Он внимательно, с видимым удовольствием прочел донесение Павла Шевченко.

– Очень хорошо составлено, – сказал он. – По всей форме. Возьмите это себе на память, а теперь мы уже можем вам смело поручить составление сводных рапортов.

– Товарищ майор, – сказал Павел Шевченко, преодолевая внезапно возникшее сомнение, – прощу вас дать ход моему донесению. Я убежден, что человек, именуемый Мустафой, – «двойник».

– С большим удовольствием, – сказал майор. – Приветствую вашу настойчивость. Очень только жалею, что у меня теперь так мало времени. Но все-таки отложим на минутку дела и пройдем к полковнику Потапову.

Полковник Потапов – заместитель начальника управления – встретил их сухо, но, когда майор Маркарьян сообщил, что Павел Шевченко нашел в архиве «двойника», весело осклабился и сказал:

– Поздравляю вас, товарищ капитан. Хорошо начинаете. По всем правилам. Ну, давайте ваш рапорт.

Он прочел донесение Павла Шевченко и озадаченно посмотрел на Маркарьяна.

– Черт его знает что. Эти истории с «двойниками» всегда бывают похожи на перпетуум-мобиле. Схема вроде бы убедительна, а вечный двигатель не крутится. Однако что-то в этом есть. Ей-богу, что-то в этом есть. И придется мне с этим познакомить начальника управления, хоть, честное слово, боюсь, что сначала старик лопнет со смеху.

На следующее утро Павла Шевченко и майора Маркарьяна вызвали к начальнику управления генералу Борисову. Огромный, похожий на медведя генерал, к тому же еще одетый в коричневый мохнатый костюм и поэтому еще больше похожий на медведя, разговаривал ворчливо и медленно.

– Ну, предположим, что действительно есть основания подозревать нашего агента в том, что он работает и на противника. Так какой бы вы предложили метод проверки, товарищ капитан? Как бы вы предложили это выяснить?

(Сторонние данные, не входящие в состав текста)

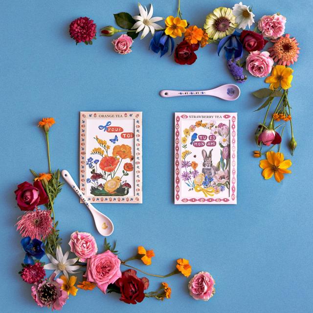メッセージカードのようなパッケージにはフルーツフレーバーの紅茶が。プチギフトやお配りギフトにもおすすめです。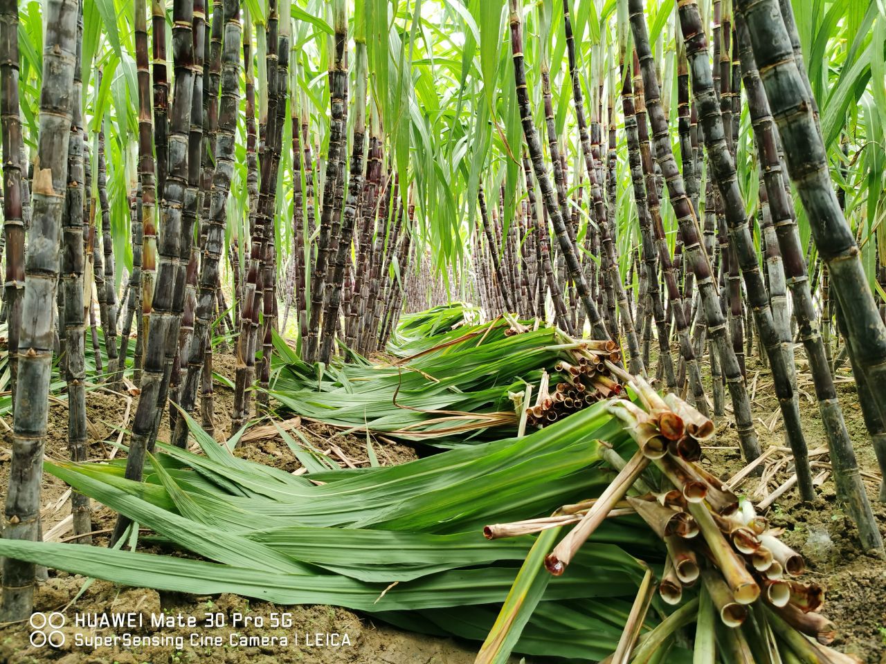 最后再经历四次的撇老叶。历经270天,一棵有机甘蔗就成熟了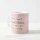 Um presente precioso para uma empresária chefe. Se uma mulher em sua vida lançou um novo negócio, aqui está o presente ideal para o feriado ou aniversário do negócio... uma caneca de café personalizada com o nome dela em tipografia cursiva elegante com o título "Chefe CEO" logo abaixo. Sobre um delicado fundo rosa bege, nossa caneca feminina Chefe CEO apresenta sobreposições de glitter rosa bege na parte superior e inferior para um brilho adicional. Você pode facilmente revisar o texto usando o modelo de personalização.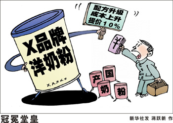 “一罐奶粉的成本不會(huì)超過(guò)100元,可是國(guó)內(nèi)市場(chǎng)上‘洋奶粉’的零售價(jià)動(dòng)輒三四百元,比境外貴一兩倍;還有一些打著‘洋奶粉’旗號(hào)的中國(guó)特供奶,價(jià)格也高得離譜,對(duì)消費(fèi)者產(chǎn)生一定的誤導(dǎo)性。”一位專家抱怨,“洋奶粉”暴利已經(jīng)到了讓人難以置信的地步,但消費(fèi)者對(duì)其肆無(wú)忌憚的連續(xù)漲價(jià)卻束手無(wú)策。 《經(jīng)濟(jì)參考報(bào)》記者了解到,進(jìn)口奶粉量?jī)r(jià)齊增,一方面是需求增加,另一方面則是行業(yè)的暴利驅(qū)使更多企業(yè)進(jìn)口奶粉。值得關(guān)注的是,進(jìn)口奶粉與國(guó)產(chǎn)奶粉的競(jìng)爭(zhēng)正在向中低端延伸。以前,進(jìn)口奶粉主攻高端市場(chǎng),現(xiàn)在各種中小品牌和雜牌“洋奶粉”也蜂擁而至,向中低端市場(chǎng)挺進(jìn),直接蠶食傳統(tǒng)的國(guó)產(chǎn)奶粉市場(chǎng)。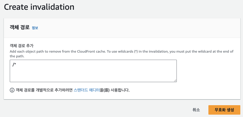CloudFront > ๋ฐฐํฌ๋ cloudfront ์ ํ > ๋ฌดํจํ > ๋ฌดํจํ ์์ฑ

– Я считаю, – ответил Павел Шевченко, – что следует дать агенту Мустафе какое-нибудь задание, которое было бы совершенно непонятно для контрразведки. Если он связан с контрразведкой, то контрразведчики, не понимая, какова цель задания, передадут через него неправильные сведения. Одновременно необходимо, чтобы какое-нибудь проверенное лицо, ну, скажем, наш атташе, получил бы те же самые сведения и выслал нам. Если они разойдутся с тем, что нам сообщил агент, значит, он действительно «двойник».

– Разумно, – сказал генерал Борисов. – А какое конкретное задание вы бы предложили?

– Мне кажется, что чем нелепее оно будет, тем лучше, – ответил Павел Шевченко. – Ну, скажем, потребовать, чтобы Мустафа в определенное, указанное нами число сообщил точную температуру воды в реке, протекающей через город, в двенадцать часов дня и в шесть часов вечера. Нужно при этом сообщить ему, что задание это особо важное, срочное и ответственное. Я считаю, что если он связан с контрразведкой, то контрразведчики на это клюнут.

– Ну знаете, – развел свои слишком короткие для его огромного тела, поросшие волосами руки генерал Борисов. – Если мы дадим такое задание, то прежде всего сам Мустафа решит, что мы тут с ума посходили… А впрочем, посмотрим.

Вечером за маленьким столиком в архиве при свете настольной лампы Павел Шевченко снова и снова вчитывался в донесения Мустафы, раздумывая над тем, что генерал Борисов может, конечно, смеяться над способом проверки, который предложил он, Павел Шевченко, но, если Борисов не прикажет произвести проверку тем или другим способом, он дойдет хоть до Верховного Главнокомандующего, а добьется своего.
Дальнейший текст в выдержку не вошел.